If you have been arrested for a criminal charge, it may be in your best interest to see whether the proper procedures were followed by law enforcement officers during every phase of your case. Evidence typically plays a big role during a court case. As was famously stated in the O.J. Simpson trial, "if the glove don't fit, you must acquit." And as all know, O.J. was in fact acquitted, and errors by authorities played a significant role in that case.
Even before a court case, there are several steps that must be taken appropriately by authorities during your arrest. The Fourth Amendment protects defendants from unlawful search and seizure of evidence. In a majority of cases, police must obtain a valid search warrant or have probable cause regarding the cause of a crime in order to search a defendant's property, including a car or home, for evidence.

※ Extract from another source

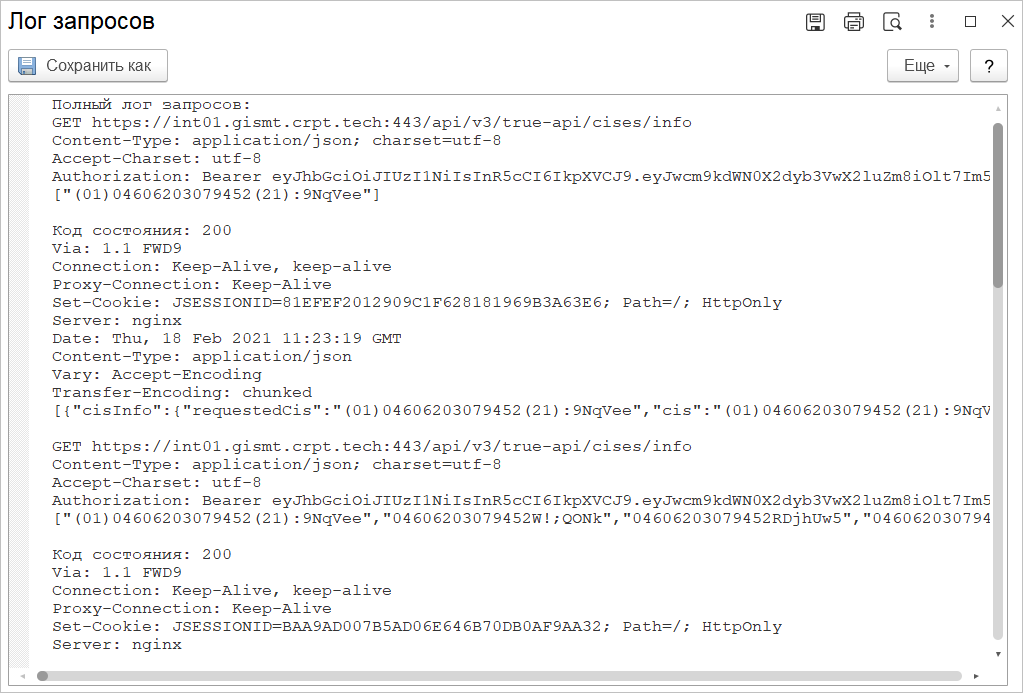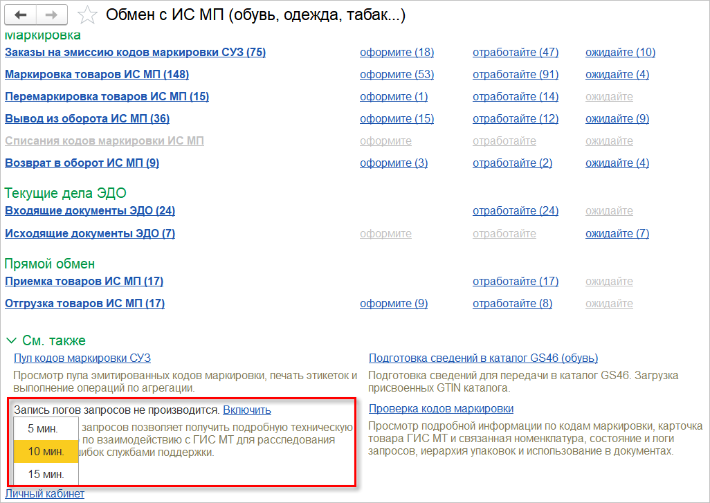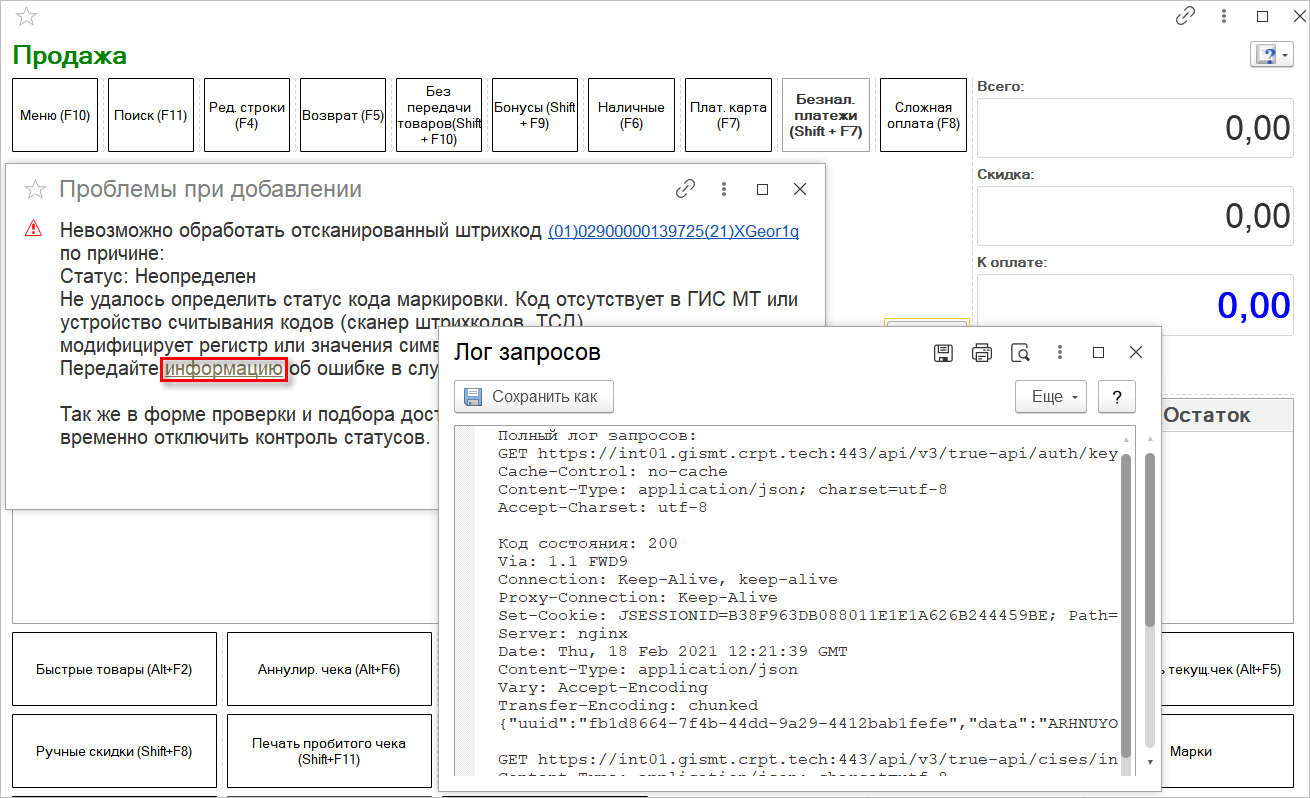 Указанные на форме данные позволяют провести первичный анализ проблем с кодами маркировки. А данный лог потребуется, если внешних признаков проблемы не обнаружено.

You may have heard someone say, "I plead the Fifth!" Whether this was done among friends in jest or during an actual hearing, the saying refers to the Fifth Amendment protections from indicting oneself. This is also tied into the Miranda Rights, which is to be read to all defendants prior to any interrogation. Failure to have one's Miranda Rights read to them may mean that a case is thrown out.
Every case is different, and what applies to one defendant may or may not be applicable to another. But, if you find yourself facing a criminal charge, it may be part of your criminal defense strategy to attempt to suppress evidence that was obtained in violation of constitutional rights.